Expansion Therapeutics is a drug discovery and development company striving to bring transformative therapies to patients with severe RNA-mediated diseases.
We are initially focused on expansion repeat disorders, a set of ~30 genetic diseases for which there are no satisfactory therapies. Our lead disease focus, myotonic dystrophy type 1 (DM1), is the most frequent cause of adult onset muscular dystrophy. Expansion has assembled an initial focused pipeline of compositions targeting repeats that drive a number of expansion repeat disorders.
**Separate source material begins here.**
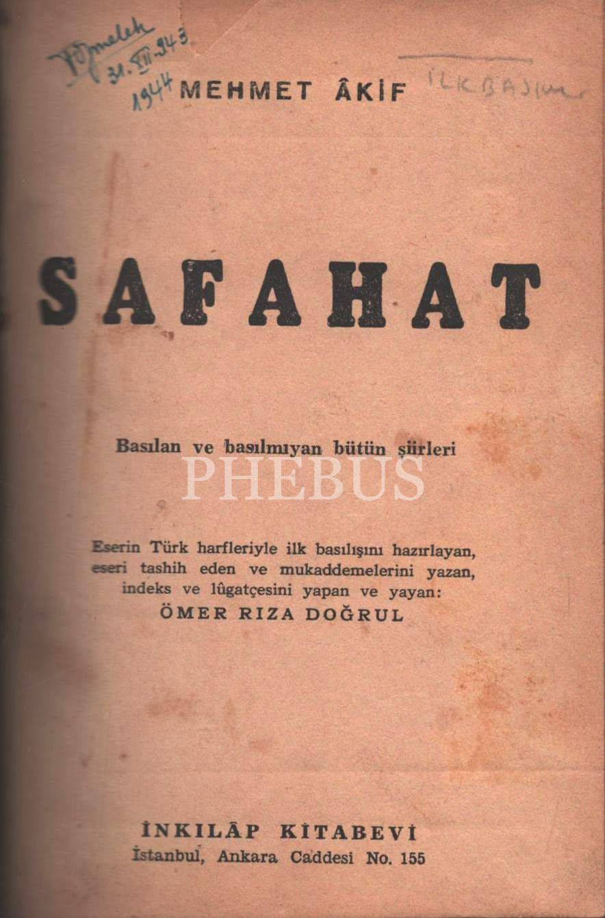 SAFAHAT (Basılan ve Basılmayan Bütün Şiirleri), Mehmet Âkif, hazırlayan: Ömer Rıza Doğrul, İnkılâp Kitabevi, İstanbul - 1943, 534 sayfa, 13x18 cm

We believe that the field of small molecules interacting with RNA (SMiRNA™) has the potential to fundamentally change the therapeutic landscape by significantly opening up the small molecule “druggable” universe beyond classic protein-based targets. Advances in our understanding of the structure and function of RNA has opened up a wealth of potential small molecule drug targets. However, the ability to selectively target RNA remains difficult, encumbered by both the discovery tools available and by our emerging understanding of RNA-small molecule interactions.
Expansion has assembled key platform enabling technologies and tools to allow for the identification of specific and potent novel small molecule binders of RNA. We have demonstrated the ability to identify small, drug like compositions of matter that can target various RNAs, including mRNA and various non-coding RNAs, across multiple therapeutic areas.